A dedicated route is created:

"frontend": {
  "domains": ["api.my-project.example.com/swagger"]
}

By visiting https://api.my-project.example.com/swagger, developers get a full, interactive Swagger UI pointing to the API’s OpenAPI file.

graph LR
    Dev["👩‍💻 Developer"]
    Oto["⚙️ Otoroshi
SwaggerUi plugin"] Json["📄 openapi.json"] Dev -->|"GET /swagger"| Oto Oto -->|"Swagger UI + fetch"| Dev Dev -->|"fetch openapi.json"| Json

What this replaces

Without this plugin, the classic options would be:

  • Embedding Swagger UI in the backend application (dependency, configuration, maintenance)
  • Deploying a dedicated Swagger UI container (an extra Clever Cloud app, a deployment to maintain)
  • Using Swagger Editor online (no customisation, no custom domain)

With the SwaggerUi plugin, documentation is available seconds after configuring the route — and the openapi.json file remains the only source of truth to maintain.


Key takeaways

These two features illustrate an often underestimated aspect of Otoroshi: its ability to replace entire applications for static content or presentation needs.
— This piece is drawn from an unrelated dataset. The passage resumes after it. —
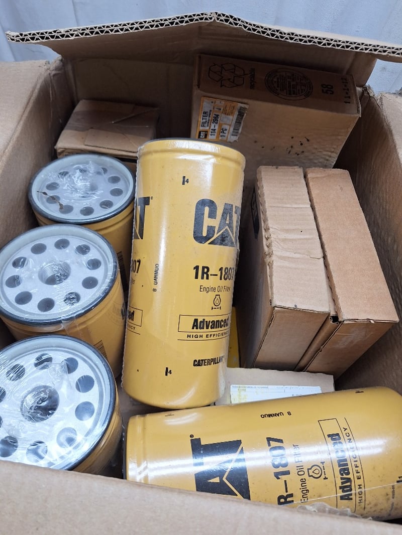 Bulk lot of Caterpillar engine maintenance filters and components. SOLD AS LOT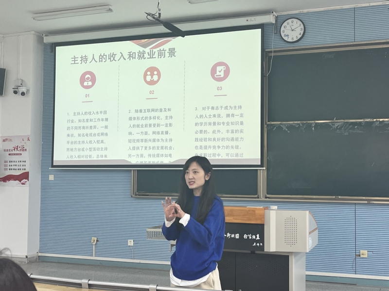 郑雪以“播音员的收入和就业前景”作为切入点,结合当前社会就业形势以及自身从业经验,为师生们讲述了“主持人、记者就业发展”“新媒体主播就业发展”和“演员就业发展”等相关话题,内容详实,生动有趣,使同学们对媒体行业就业现状有了大致的了解。在讲座总结环节,郑雪强调“先就业再择业”的观念,帮助同学们树立灵活的就业观。

On Clever Cloud, every deployed application has a cost in resources and maintenance. For simple needs — documentation, assets, static pages — Otoroshi backends avoid a full deployment while benefiting from the same routing, the same plugins (auth, cache, CORS), and the same domains as application routes.


Series wrap-up

Nine use cases, one Otoroshi instance, dozens of applications served. Find all the articles in the series:

  1. Introduction
  2. #1: one app, three exposures
  3. #2: everyday HTTP
  4. #3: security & performance
  5. #4: Funny Features (this article)

Key takeaways from this series:

Otoroshi as a control layer — routing, security, HTTP transformation, caching, authentication: everything is configured in one place, without modifying application code.

Clever Cloud as the foundation — applications and add-ons (PostgreSQL/PostGIS, Cellar S3, Otoroshi itself) are provisioned and operated by the platform. The team focuses on business value, not infrastructure.

The duo in production — the use cases in this series are not theoretical examples. They come from real projects, in production, with real availability and performance constraints.